А. Ш. На этот счет я хотел бы привести тебе слова Аианы Исакадзе. Когда я был в Тбилиси, она записывала там на пластинку Первый concerto grosso. Аиана заговорила о немецкой культуре и сказала, что весь этот типично немецкий интерес к природе, к фантастике природы — носит литературный характер. Немцам присуще культивированное, литературное отношение к природе, которое, по существу, мало понятно. Я думаю, что по отношению к немецкой музыке это особенно справедливо. У каждого народа и каждой культуры — своя судьба и свои негативные стороны, от которых отрешиться невозможно. Для немцев логично то, что для остальных — книжно. Для немецкого мозга естественно то, что для другого может быть неестественным.

— Можно ли считать, что русская культура — более иррациональна, а немецкая — более рациональна?

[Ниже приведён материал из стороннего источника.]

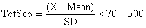 式中X表示每个考生加权、等值处理后的原始分数,Mean表示常模均值,SD表示常模标准差。
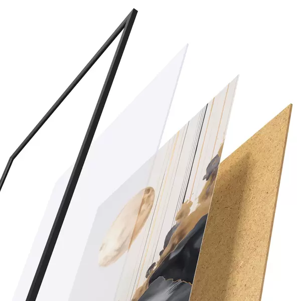 L’affiche encadrée est composée d’un cadre, d’un plexiglas, d’une image imprimée et d’un support en aggloméré. Elle est prête à être accrochée au mur grâce aux fixations situées à l’arrière.
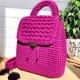 Beautiful and elegant backpack crocheted by hand from T-shirt yarn.
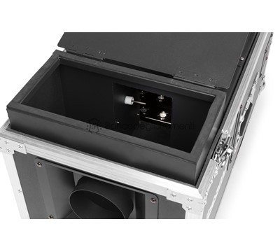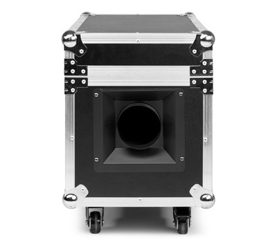 Macchina compatta per nebbia bassa Funziona con acqua e liquido per fumo standard L'agitatore ultrasonico converte l'acqua distillata in una nebbia sottile Uscita continua dopo il tempo di riscaldamento iniziale Uscita regolabile e velocità della ventola Controllo tramite display digitale a bordo o DMX Flightcase solido con ruote DMX in/output via 3-pin XLR
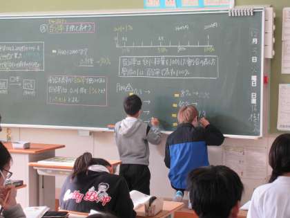 百分率の意味や小数と百分率の関係を理解するために練習問題に取り組んでいました。
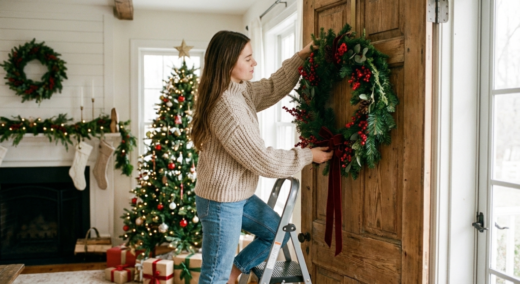 Важно крепить ленту не к декоративным элементам, а именно к основанию венка. Качественная монтажная лента держит вес и снимается без повреждения двери, а под венком она остается незаметной.
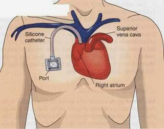The port-a-cath is a port, a small implantable device which is inserted under the skin of the chest, with a silicone rubber membrane through which a needle can be inserted for the administration of medication and the withdrawal of blood. Attached to the port is a catheter which leads into the subclavian vein on the right-hand side of the chest, and then into the superior vena cava, the main vein leading into the heart. Introducing chemotherapy into the body in this way is preferable to the use of peripheral veins because of the toxicity of the drug which can cause damage to the more delicate tissue of the smaller vessels.

А. Ш. Во мне ведь нет русской крови. Я не стал бы так прямолинейно отождествлять русское с иррациональным, а немецкое — с рациональным. Но в немецком, во всяком случае, довольно много иррационального.

— В какой эпохе?

А. Ш. Во всей истории Германии, где рядом с рациональнейшей реальностью всегда было и абсолютно иррациональное. Первая мировая война, фашизм — никакой связи с рациональным это не имеет.

— Ну а Реформация, Лютер?

А. Ш. Тут надо разделять! Лютер — это одно. А Реформация — это другое. Аютер — это прекрасно, гуманно. А вся Тридцатилетняя война — это чудовищно. И ужасно то, что все эти чудовищные последствия являются последствиями действий разумных, нормальных. Вот это страшно!

— Значит, в русской истории и вообще в русском духе ты видишь и рациональность тоже?

А. Ш. Конечно да. И рациональность, и иррациональность. В русской сущности, может быть, больше иррационального, а в немецкой — наоборот. Но это только разные соотношения их взаимодействия.

— Ты одно время выбирал, к какой церкви принадлежать. Почему ты выбрал католичество, а не православие?

А. Ш. По языку молитвы, языку восприятия принадлежу не к немецкому миру. Я принадлежу к русскому миру. Для меня вся духовная сторона жизни охвачена русским языком. А вместе с тем я католик.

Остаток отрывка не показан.